### Stored data
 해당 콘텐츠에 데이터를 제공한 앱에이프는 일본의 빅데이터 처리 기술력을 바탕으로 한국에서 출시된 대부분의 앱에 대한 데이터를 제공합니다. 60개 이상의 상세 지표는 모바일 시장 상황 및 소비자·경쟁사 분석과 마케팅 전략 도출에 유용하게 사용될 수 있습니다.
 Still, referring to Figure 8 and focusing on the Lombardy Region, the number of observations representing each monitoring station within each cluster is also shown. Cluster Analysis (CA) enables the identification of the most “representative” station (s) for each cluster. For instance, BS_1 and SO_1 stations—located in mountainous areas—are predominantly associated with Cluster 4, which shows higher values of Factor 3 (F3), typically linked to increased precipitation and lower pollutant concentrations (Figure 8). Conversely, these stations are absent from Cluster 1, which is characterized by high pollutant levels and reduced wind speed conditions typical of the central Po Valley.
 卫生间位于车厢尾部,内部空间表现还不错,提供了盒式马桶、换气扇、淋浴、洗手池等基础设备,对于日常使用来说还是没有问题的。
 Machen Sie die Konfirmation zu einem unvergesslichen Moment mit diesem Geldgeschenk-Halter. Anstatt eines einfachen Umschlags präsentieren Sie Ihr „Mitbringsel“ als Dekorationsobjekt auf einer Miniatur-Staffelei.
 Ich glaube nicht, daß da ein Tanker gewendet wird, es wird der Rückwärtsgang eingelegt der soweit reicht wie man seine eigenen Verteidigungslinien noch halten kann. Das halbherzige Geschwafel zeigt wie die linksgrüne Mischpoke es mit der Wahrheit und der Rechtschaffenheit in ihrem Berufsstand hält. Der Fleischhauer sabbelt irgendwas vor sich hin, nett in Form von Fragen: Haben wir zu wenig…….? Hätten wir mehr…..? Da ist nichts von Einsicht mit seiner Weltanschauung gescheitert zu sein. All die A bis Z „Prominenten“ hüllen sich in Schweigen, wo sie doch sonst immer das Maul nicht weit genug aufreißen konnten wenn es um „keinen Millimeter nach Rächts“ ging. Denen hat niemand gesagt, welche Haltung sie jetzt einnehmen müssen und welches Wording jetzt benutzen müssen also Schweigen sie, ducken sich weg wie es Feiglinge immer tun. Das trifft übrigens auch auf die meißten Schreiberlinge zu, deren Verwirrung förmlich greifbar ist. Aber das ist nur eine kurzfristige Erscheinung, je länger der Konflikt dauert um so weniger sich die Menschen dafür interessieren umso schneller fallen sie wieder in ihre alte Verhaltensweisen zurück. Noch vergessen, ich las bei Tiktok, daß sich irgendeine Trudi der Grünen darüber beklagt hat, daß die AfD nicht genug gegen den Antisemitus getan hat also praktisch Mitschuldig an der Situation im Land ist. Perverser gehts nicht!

### Brief
Retype the records above exactly, from their first line through the line that contains "卫生间位于车厢尾部,内部空间", and stop there.

### Response to the exercise
 해당 콘텐츠에 데이터를 제공한 앱에이프는 일본의 빅데이터 처리 기술력을 바탕으로 한국에서 출시된 대부분의 앱에 대한 데이터를 제공합니다. 60개 이상의 상세 지표는 모바일 시장 상황 및 소비자·경쟁사 분석과 마케팅 전략 도출에 유용하게 사용될 수 있습니다.
 Still, referring to Figure 8 and focusing on the Lombardy Region, the number of observations representing each monitoring station within each cluster is also shown. Cluster Analysis (CA) enables the identification of the most “representative” station (s) for each cluster. For instance, BS_1 and SO_1 stations—located in mountainous areas—are predominantly associated with Cluster 4, which shows higher values of Factor 3 (F3), typically linked to increased precipitation and lower pollutant concentrations (Figure 8). Conversely, these stations are absent from Cluster 1, which is characterized by high pollutant levels and reduced wind speed conditions typical of the central Po Valley.
 卫生间位于车厢尾部,内部空间表现还不错,提供了盒式马桶、换气扇、淋浴、洗手池等基础设备,对于日常使用来说还是没有问题的。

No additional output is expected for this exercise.